Target lesion revascularization within 15 months after the index stent implantation was ascertained from the National Heart Registry and defined as a repeat PCI of the index lesion or coronary artery bypass grafting (CABG). Repeat PCI or CABG of study patients in hospitals outside the study region virtually did not take place.

Covariates.   We retrieved data from the Western Denmark Heart Registry on a wide range of potential predictors for subsequent cardiovascular disease, including characteristics of the patients, procedures, and lesions. For each patient, we obtained data on all discharge diagnoses from the National Patient Registry from 1977 until the date of implantation. We then computed the Charlson comorbidity index (19), which covered 19 major disease categories, including diabetes mellitus, heart failure, cerebrovascular diseases, and cancer. The index value was a weighted summary of the diagnoses, with each weight calculated on the basis of 1-year mortality associated with each disease in the original Charlson dataset (19).

Data on all essential patient and procedure characteristics were >95% complete, and ascertainment of end points (ST, death, and MI) was 100% complete.

Statistical methods.   We counted end point events that occurred during the follow-up period and compared their rates between the cohort of patients with DES and the cohort with BMS. Follow-up began on the date of the index PCI procedure.

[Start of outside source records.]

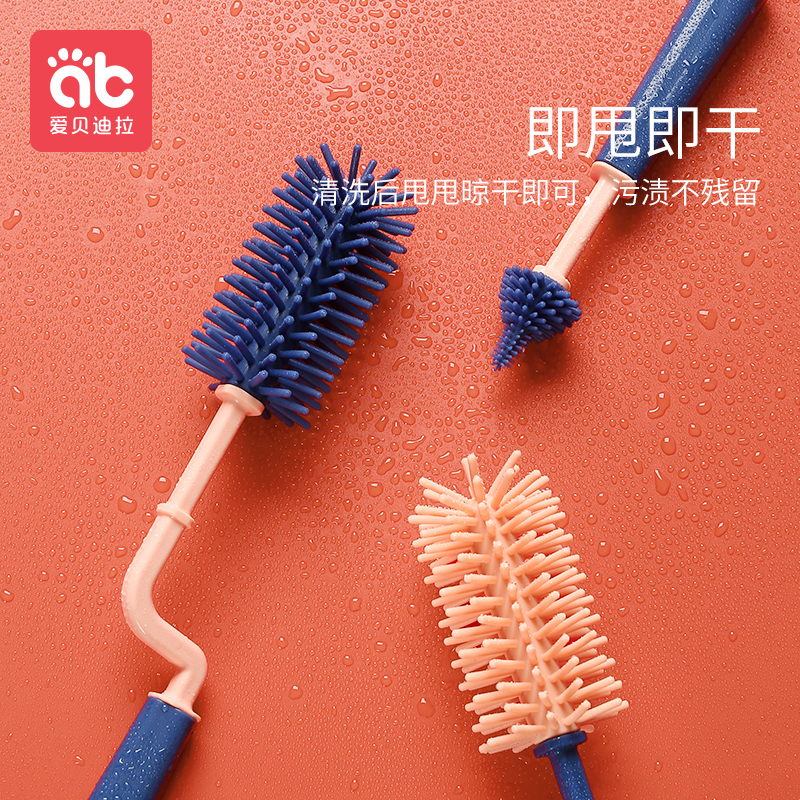 Baby Silicone Wash Bottle Brush Cleaning Brush Cleaning Set Rotating Nipple Sponge Bristle Brush Shabu Newborn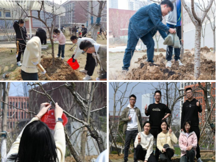 “这是我第一次在园区里过植树节,希望树苗能茁壮成长”,在种植现场一位同学激动地说。本次植树,参与团支部根据前期分组到达指定区域 ,海棠、梨树、紫荆……大家三四人协同,各自分工、密切协作,有的培土、有的浇水,共同栽种下希望的小树。活动现场,同学们还为一株株充满生机的树苗挂上属于自己的铭牌和挂饰。一场辛勤劳动的景象、一幅团结协作的画面、一份美好心愿的寄托,共同成为美好校园建设的一道亮丽风景线。同学们表示,未来将与树苗们共同成长,确保植一片、长一片、绿一片 。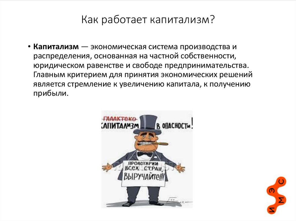 Как работает капитализм?• Капитализм — экономическая система производства и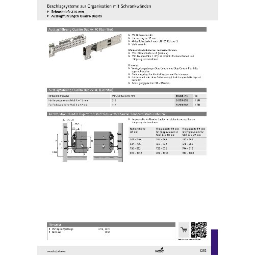 Eigenschaften "Hettich Auszugsführung Quadro Duplex 40, Silent System kompatibel, Maß X = 13 mm, links und rechts"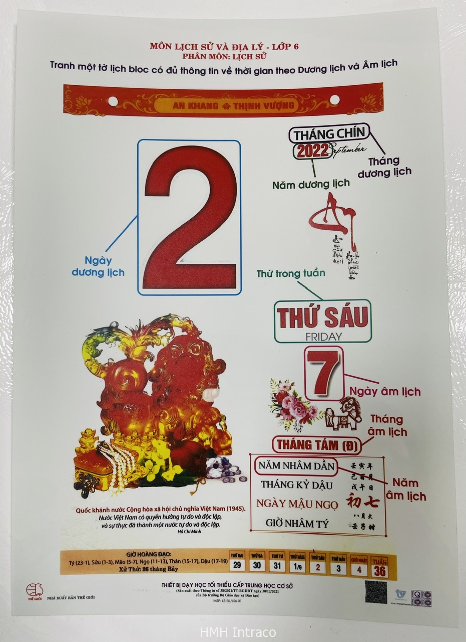01 tờ tranh thể hiện ảnh chụp một tờ lịch bloc in trên tấm nhựa dày 0.5mm khổ (210x297)mm (có thể thay thế bằng tranh/ ảnh điện tử), có đầy đủ thông tin về thời gian theo Dương lịch và Âm lịch. (Các thông tin chi tiết, rõ ràng, có hướng dẫn HS khai thác thông tin; loại bỏ các thông tin không liên quan, như thông tín quảng cáo, các câu danh ngôn, ngày kỷ niệm)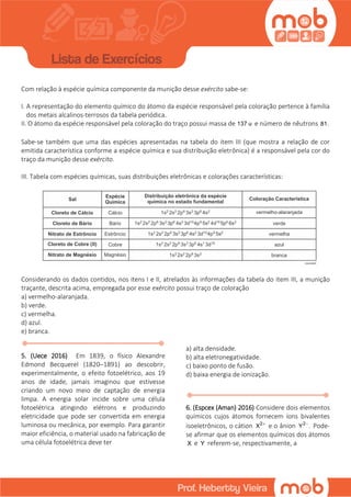 2) O documento apresenta uma série de questões sobre conceitos atômicos e propriedades de elementos químicos.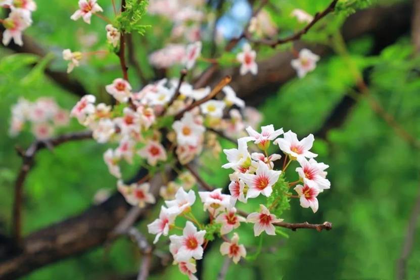 在烟大,图书馆的静谧、三元湖的灵动、晚霞的绚烂,都是值得打卡留念的校园美景。如今,在学校南门正对着的草坪上,又多了一处“法味”满满的打卡点——法治树!这棵“法治树”身姿挺拔,叶片翠绿。待到花期,满树繁花,白色的花瓣基部紫红色或黄色,鲜艳夺目,香气四溢 ,为校园增添了一道亮丽的风景线。无论是阳光明媚的早晨,还是落日余晖的傍晚,与“法治树”合影留念,都能定格下最美的瞬间。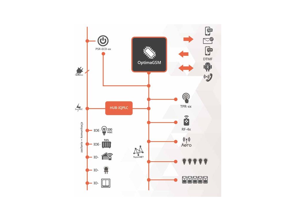 - komunikacja SmartPLC z Hub-IQPLC po budynkowej instalacji elektrycznej NN,
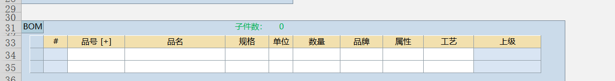 在建表单时,理清关系就很好确定是单一数据项还是明细数据项,例如在报销单中,报销人、报销日期字段就可以定义为单一数据项;报销明细的信息就可以定义为重复数据项。也如下图构建bom的时候,品名定义为重复数据项表明一个物料由多个子料来组成。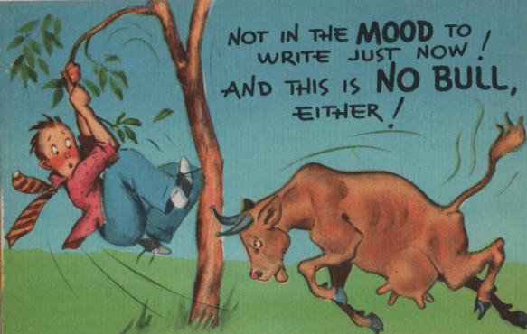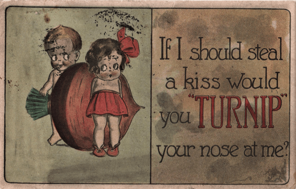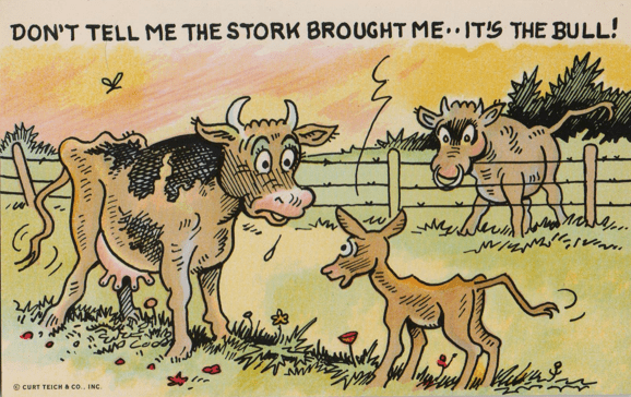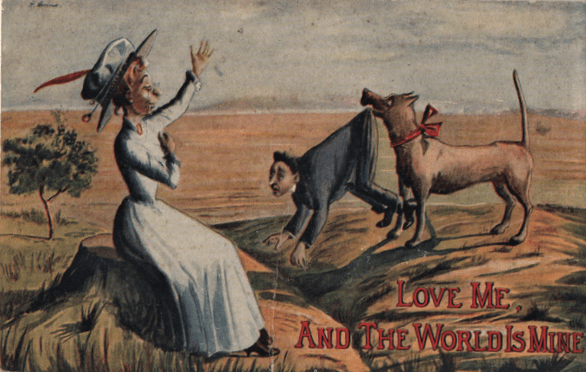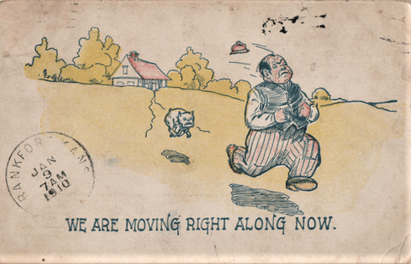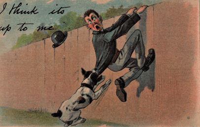We will set aside any serious postcards involving dogs. We are here concerned with the cartoonists. Our ancestors, who lived in a less sanitary and tidied-up world, were made aware of dogs just about any day, at any time of the day or night. And they were aware of all sorts of other activities a dog might pursue in the day’s schedule. Dogs on postcards sleep in the sun, sniff each other’s backsides (mostly on postcards of the midcentury and later), had sex in public (also primarily mid-century, and then mostly on cards bought at penny arcades), stole food, scratched fleas (especially on all those “Itching to Hear From You” cards). had tin cans tied to their tails (mainly early in the century this time, thank goodness, though the decline in tin can jokes is probably less due to our growing kindness and more to a lack of cans), tore up random toys and other objects, sniffed at the bases of trees and lamp posts, chased cats, chased rats, chase chickens, chased cars, chased their tails, and, especially, chased people.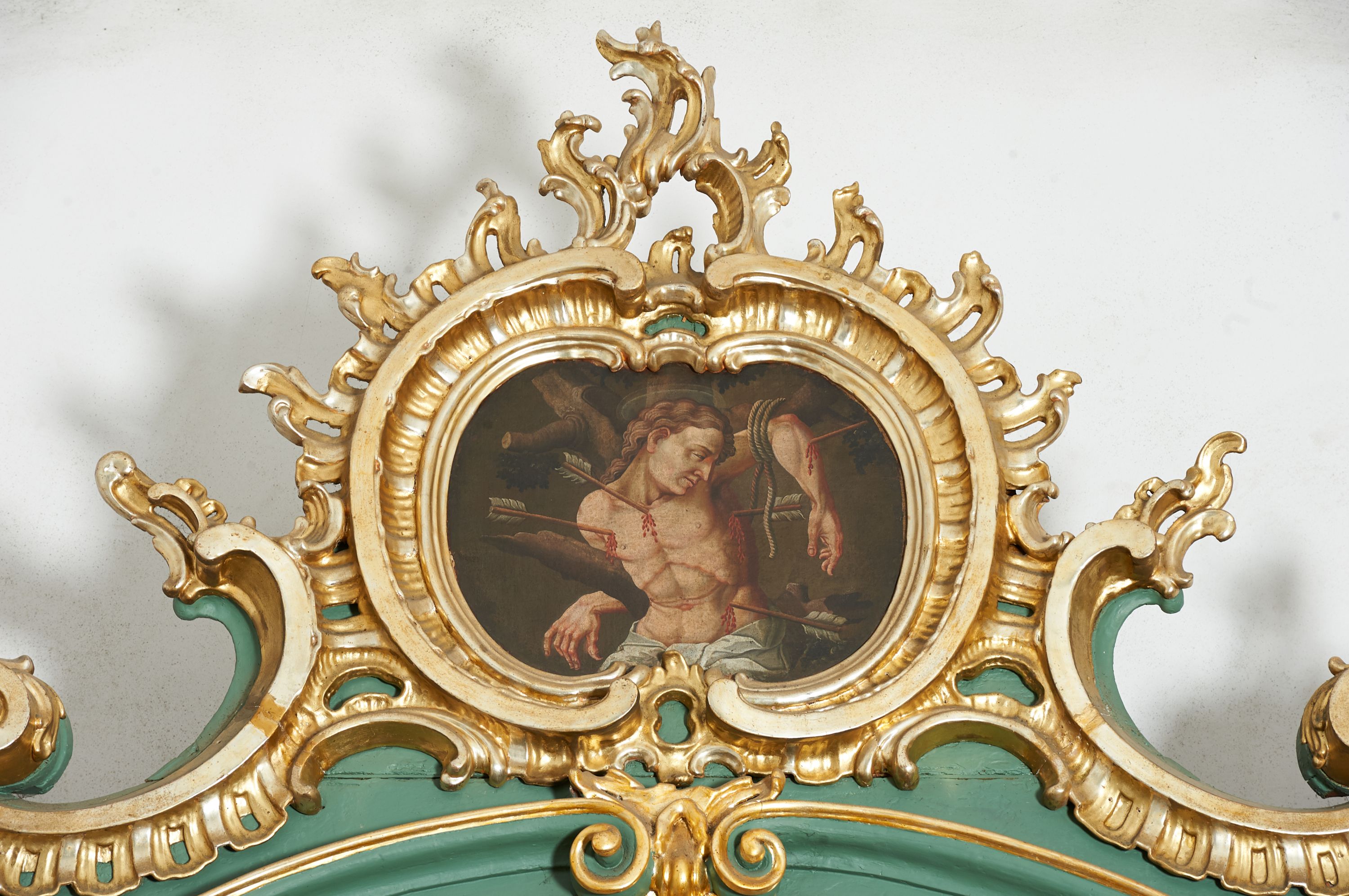 The painting was created for finial of the altar under the invocation of St. Onuphrius in the third quarter of the 18th century. Saint Sebastian was a Roman martyr and suffered death tied to a tree and pierced by arrows. In iconography, he is portrayed as a young man with an ideal body, girded with a fabric in the hip area only, tied to a pole or a tree, pierced by arrows.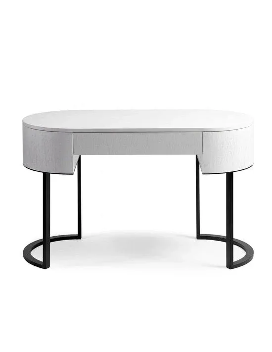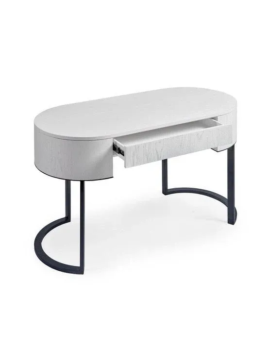 Consola ovalada acabada en madera de roble color blanco con cajón para almacenaje. Esta pieza está pensada para dar estilo y sofisticación a tu hall, distribuidor. Su cajón será perfecto para guardar las pequeñas pertenencias del día a día y mantener el orden en tu recibidor. Estructura de pata de metal color negro.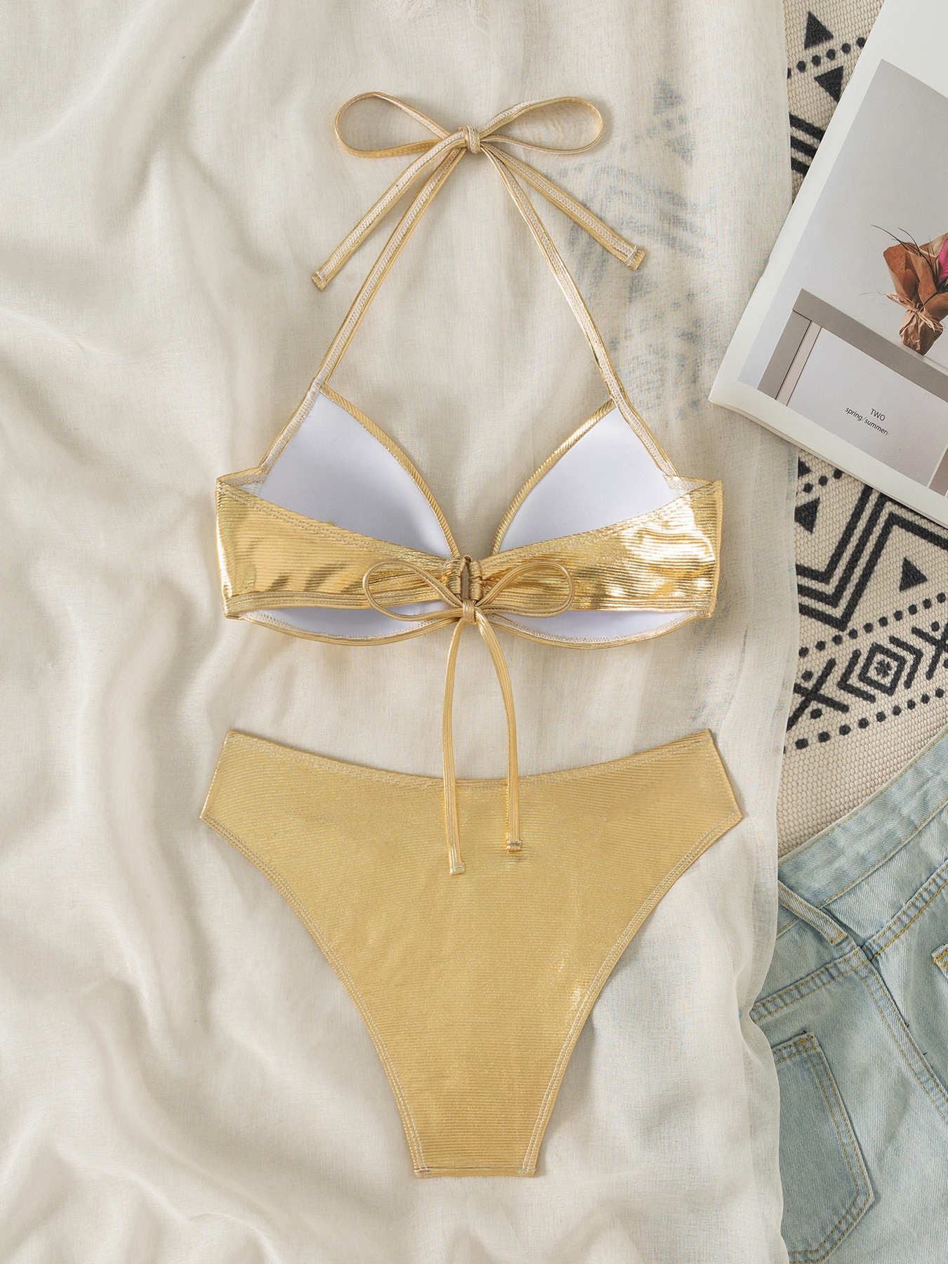 Sexy Halter Swimsuit Solid Color Hard Bag Split Bikini Swimsuit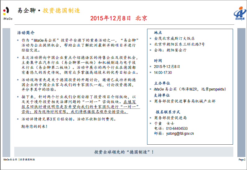 由商務部投資促進事務局支持的《投資德國制造項目介紹會》將于12月8日在北京召開,詳情如下。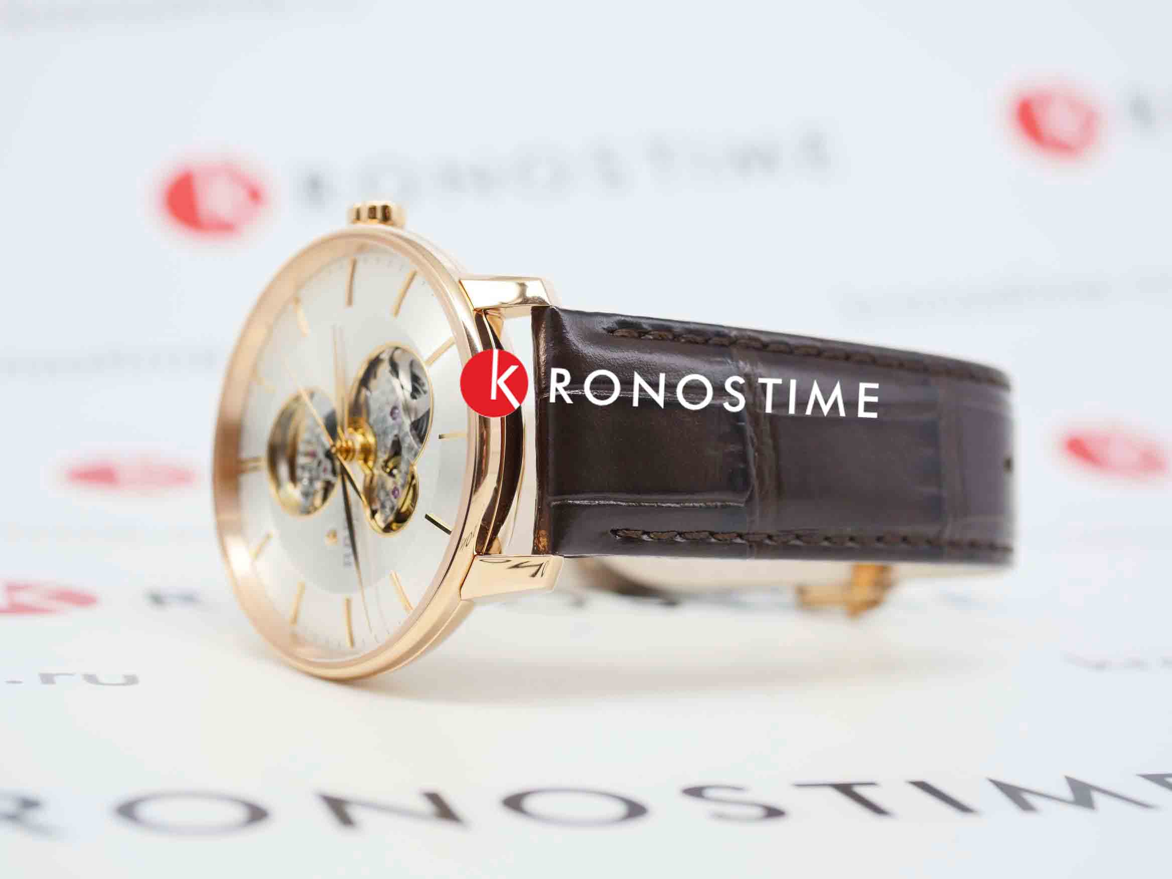 Аксессуар в минималистичном исполнении привлекает плавными линиями, отсутствием лишних деталей, эксклюзивным дизайном. Светлый циферблат имеет 3 окошка, сквозь которые можно просматривать движение деталей автоматического калибра ETA C07.631 с запасом хода до 80 часов. Прозрачная задняя крышка корпуса. Нержавеющая сталь 316L. Винтажный корпус купольной формы. PVD-покрытиеPVDУльтратонкое покрытие наносится в технике вакуумного напыления, сочетает в себе нитрид титана особой прочности со слоем золота или оксида хрома. Несёт в себе декоративную или защитную функцию. "розовое золото". Стильный ремешок из натуральной кожи с тиснением под крокодиловую кожу. Стекло из сапфира с антибликовым покрытием. Водостойкость 5 бар. Диаметр корпуса: 41 мм.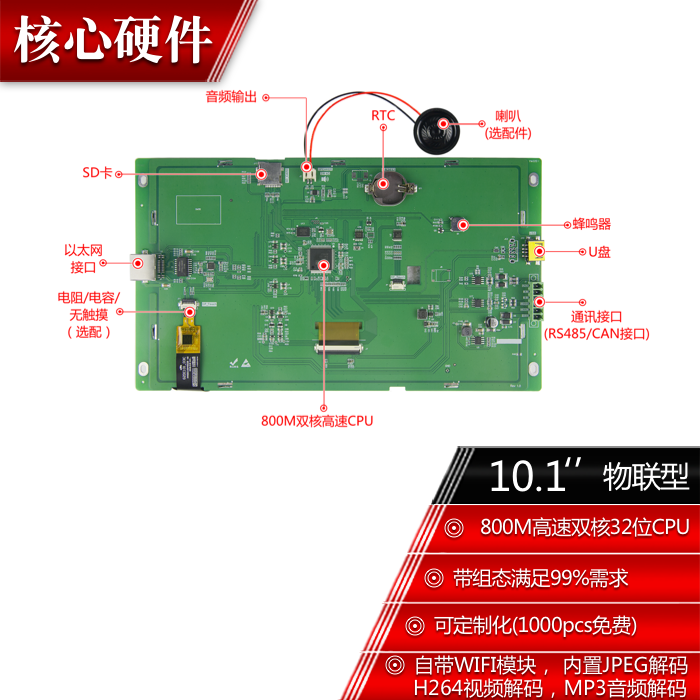 10 1 inch 1024*600 RS485 serial screen CAN Ethernet enhanced version of the Internet of Things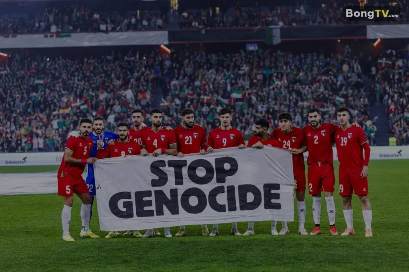 Những người tham gia trận đấu bóng đá Palestine đã mang theo biểu ngữ có nội dung Chấm dứt diệt chủng trước khi trận đấu bắt đầu

In analyses with ST as the outcome, follow-up continued until date of definite ST, death, or emigration, or after 15 months of follow-up, whichever came first. In analyses with death as the outcome, follow-up continued until date of death or emigration, or after 15 months of follow-up. In analyses with MI as the outcome, follow-up continued until date of MI, death, or emigration, or after 15 months of follow-up.

We constructed Kaplan-Meier curves for patients and lesions treated with DES or BMS. We used the life-table method to compute the 15-month cumulative incidence for each end point (proportion of the population at risk with the outcome of interest).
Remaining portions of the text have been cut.